WHEREAS, this Amendment is fully incorporated into the Agreement; capitalized terms used in this Amendment, and not otherwise defined herein, will have the meanings set forth in the Agreement; and
WHEREAS, the Joining Parties are indirect wholly-owned subsidiaries of CUNA Mutual Holding Company and were formed during the calendar year 2013; and
WHEREAS, the Joining Parties desire to become parties to the Agreement;
NOW, THEREFORE, in consideration of the responsibilities respectively assumed by the parties under the terms and conditions of the Agreement, the parties hereto intending to be legally bound hereby agree that the provisions of this Addendum shall control the terms and conditions of the Agreement to the extent set forth herein:
|1.||The Joining Parties each agree to become a party to the Agreement and accept all applicable terms and conditions of the Agreement, and shall be bound by all of the obligations and entitled to the rights of a party thereunder.|
|2.||The Schedule of Covered Entities to the Agreement is hereby replaced by the revised Schedule of Covered Entities attached as Exhibit A hereto. All references to the Schedule of Covered Entities in the Agreement shall be deemed a reference to the Schedule of Covered Entities attached as Exhibit A hereto.|
All other terms and conditions of the Agreement not materially affected by this Amendment shall remain in full force and effect.
[Signature Page Follows]
IN WITNESS WHEREOF, the parties have caused this Agreement to be executed by their respective duly authorized officers.

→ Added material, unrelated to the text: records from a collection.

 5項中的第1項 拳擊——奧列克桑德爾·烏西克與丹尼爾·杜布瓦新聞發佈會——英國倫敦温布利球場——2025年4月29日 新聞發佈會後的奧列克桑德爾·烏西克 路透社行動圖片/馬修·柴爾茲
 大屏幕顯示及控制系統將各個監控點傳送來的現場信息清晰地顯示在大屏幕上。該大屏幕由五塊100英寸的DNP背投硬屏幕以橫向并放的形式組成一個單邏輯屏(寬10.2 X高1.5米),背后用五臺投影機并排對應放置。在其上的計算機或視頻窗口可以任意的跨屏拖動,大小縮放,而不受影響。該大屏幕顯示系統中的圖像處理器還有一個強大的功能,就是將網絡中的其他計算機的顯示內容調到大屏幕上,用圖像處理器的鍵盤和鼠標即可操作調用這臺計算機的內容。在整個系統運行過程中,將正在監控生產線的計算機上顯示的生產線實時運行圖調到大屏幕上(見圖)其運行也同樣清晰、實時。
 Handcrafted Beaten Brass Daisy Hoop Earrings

|MEMBERS Capital Advisors, Inc. || ||CUMIS Mortgage Reinsurance Company |
| || || || || |
|By: || || ||By: || |
| ||David Marks || || ||Sean Dilweg|
| ||President || || ||President|
SCHEDULE OF COVERED ENTITIES
(Attached to the Investment Advisory Agreement between
CUNA Mutual Holding Company et. al. and MEMBERS Capital Advisors, Inc.)

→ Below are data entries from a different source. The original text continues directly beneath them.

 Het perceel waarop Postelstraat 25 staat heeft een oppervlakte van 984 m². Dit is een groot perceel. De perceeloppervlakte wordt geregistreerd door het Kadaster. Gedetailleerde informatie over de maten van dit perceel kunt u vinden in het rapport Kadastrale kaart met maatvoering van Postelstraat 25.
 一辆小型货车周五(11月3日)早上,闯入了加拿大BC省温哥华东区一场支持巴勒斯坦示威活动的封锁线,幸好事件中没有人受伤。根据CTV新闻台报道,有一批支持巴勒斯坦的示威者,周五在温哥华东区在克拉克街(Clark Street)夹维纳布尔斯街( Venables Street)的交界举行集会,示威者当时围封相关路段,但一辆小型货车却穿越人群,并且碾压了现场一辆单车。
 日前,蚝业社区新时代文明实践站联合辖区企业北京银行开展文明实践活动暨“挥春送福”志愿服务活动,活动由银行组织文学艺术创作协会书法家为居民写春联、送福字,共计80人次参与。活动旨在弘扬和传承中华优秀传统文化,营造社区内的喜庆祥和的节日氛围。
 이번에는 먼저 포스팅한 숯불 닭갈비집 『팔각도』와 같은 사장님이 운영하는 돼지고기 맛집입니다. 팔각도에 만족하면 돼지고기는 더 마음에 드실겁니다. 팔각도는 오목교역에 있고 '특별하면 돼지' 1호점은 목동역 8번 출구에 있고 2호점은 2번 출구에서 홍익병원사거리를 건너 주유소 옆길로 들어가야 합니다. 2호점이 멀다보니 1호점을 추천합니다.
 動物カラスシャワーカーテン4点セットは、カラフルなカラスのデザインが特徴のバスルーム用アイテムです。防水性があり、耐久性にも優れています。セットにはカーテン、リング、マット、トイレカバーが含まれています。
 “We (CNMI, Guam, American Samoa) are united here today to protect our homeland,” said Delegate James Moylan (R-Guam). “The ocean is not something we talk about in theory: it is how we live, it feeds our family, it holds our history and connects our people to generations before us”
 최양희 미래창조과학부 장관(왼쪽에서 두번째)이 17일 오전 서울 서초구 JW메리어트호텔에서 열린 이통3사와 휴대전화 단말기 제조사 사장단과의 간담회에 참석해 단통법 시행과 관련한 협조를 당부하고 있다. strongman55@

Covered Entities included within the scope of this Agreement are as follows:
|1.||The funds of the CUNA Mutual Pension Plan for Non-Represented Employees and CUNA Mutual Pension Plan for Represented Employees covering the entities that are defined as an “Employer” under the provisions of the Retirement Plans approved by EBPAC, as modified from time to time.|
|2.||The invested assets of the following entities with respect to the appointment as principal Investment Adviser described in Section I of the Investment Advisory Agreement:|
CUNA Mutual Holding Company
CUNA Mutual Financial Group, Inc.
CMFG Life Insurance Company
CUNA Mutual Investment Corporation
MEMBERS Life Insurance Company
CUMIS Insurance Society, Inc.
CUNA Mutual Insurance Agency, Inc.
CUNA Brokerage Services, Inc.
CUMIS Specialty Insurance Company, Inc.
Separate accounts maintained by CMFG Life Insurance Company*
CUMIS Vermont, Inc. (formerly known as CUMIS Bermuda Limited)
CMFG Life Vermont, Inc.
CUNA Mutual International Holdings, Ltd.
CUNA Mutual International Finance, Ltd.
TruStage Insurance Agency, Inc.
CUMIS Mortgage Reinsurance Company
* To the extent that federal and state regulations require the services of a registered investment adviser for separate accounts which invest in underlying mutual funds.